China's car sales forecast to slow
Yonhap (Hong Kong) - China's car sales growth will likely slow as the country's tighter monetary conditions could dampen demand for new cars, Barclays Capital said Thursday.
According to the British bank, China's monetary tightening will have a more negative impact on the country's automobile market, along with that of India, compared to other Asian economies.
"We would expect weakness in auto sales to be most pronounced in China and India, where monetary conditions are significantly tighter than elsewhere in the region," Barclays' Peter Redward said.
The analyst said tightening liquidity of the banking sector will drive up borrowing costs and reduce credit availability, which will push down automobile demand.
Redward forecast demand for automobiles would see even sharper declines if oil prices remain high for a sustained period, with the impact increasing materially after two to three months.
"The first signs of weakness in auto sales data may appear in April, if oil prices remain high throughout March," he said.

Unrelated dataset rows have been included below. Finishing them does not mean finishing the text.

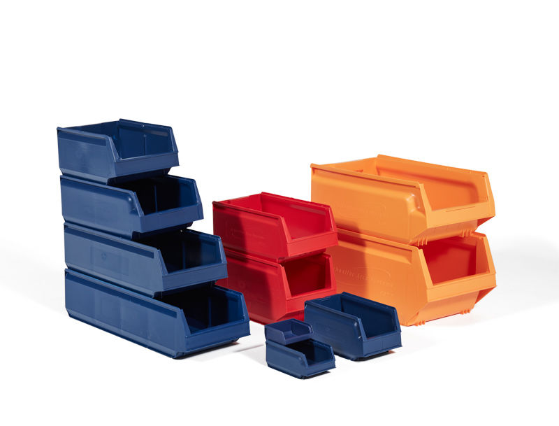 En stapelbar, profilerad skalkonstruktion med hög vridstyvhet. Stapelbara med stor innervolym, ideliska för smådelsförvaring i form av skruvar, muttrar eller liknande.
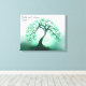 Gäste der Hochzeitsfeier oder der Verlobungsfeier können diesen grünen Baum des Lebens in gepackten Leinwänden unterschreiben. Anstatt das Gästebuch in einem Schrank zu speichern, können Sie diese Leinwand mit den Unterschriften aller Ihrer Familie und Freunde anzeigen. Perfekter Sake-Kunst. Der Baum des Lebens in einem grünen Nebel mit dem Mond, der durch den Mond guckt. Es ist ruhig und schön, es steht für immer in Ruhe.
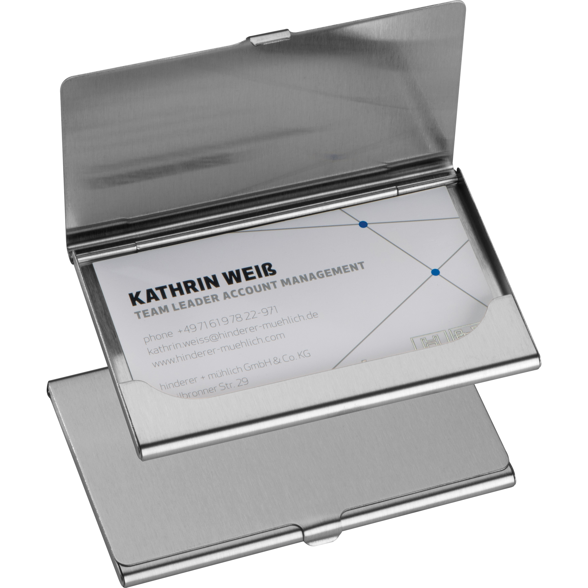 Visitenkartenetui aus Metall. Dieses robuste Etui schützt Ihre Karten vor Beschädigungen. Der Deckel bietet ausreichend Platz für eine Lasergravur.
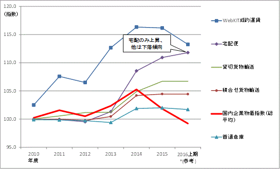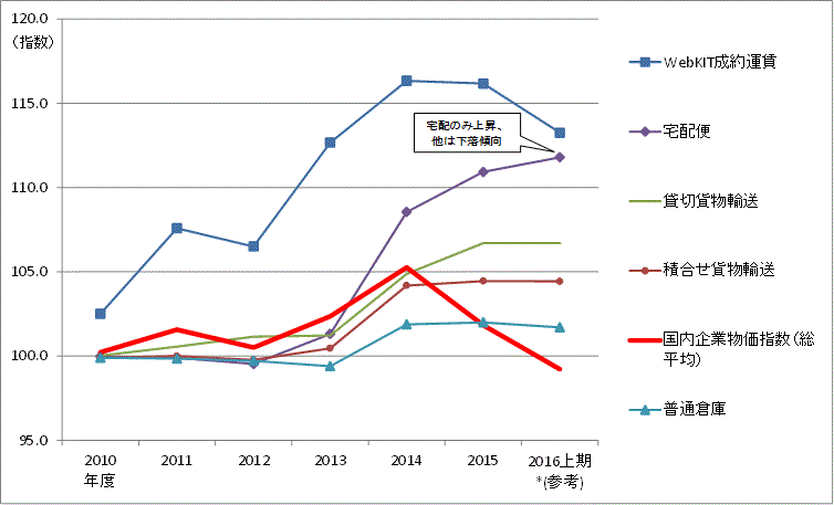中国経済の停滞や為替水準が円高にシフトしたことによって、景気の停滞傾向が強まっており、国内貨物量も減少傾向が強まっている。そのため、主として需給要因で上昇を続けてきた運賃・料金などについては、価格上昇圧力が低下している(近年のトラック運賃上昇は、燃料価格上昇などの「コスト・プッシュ型」ではなく、需給の逼迫による「デマンド・プル型」の値上がりであるため、需給による価格への影響が大きい)。
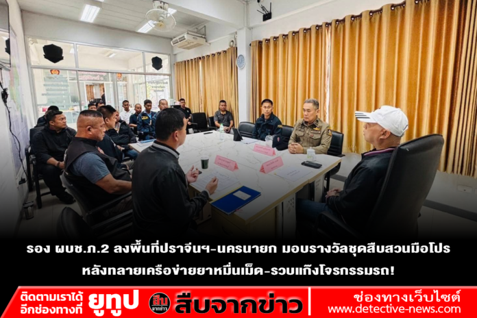 จากนั้นเวลา 14.00 น. ได้เดินทางต่อไปยัง กก.สส.ภ.จว.นครนายก เพื่อพบปะเจ้าหน้าที่ที่สามารถขยายผลจับกุมผู้ต้องหาคดีลักรถจักรยานยนต์ จำนวน 2 คดี พร้อมของกลางรถจักรยานยนต์ 2 คัน

According to the China Association of Automobile Manufacturers, China's total vehicle sales, including buses and trucks, fell 33 percent in February from the month before to 1.27 million vehicles. Sales of passenger cars dropped 37 percent to 967,200 vehicles.
Market analysts expect that the country's automobile sales will see slower growth throughout this year due to surging oil prices combined with the end of government subsidies.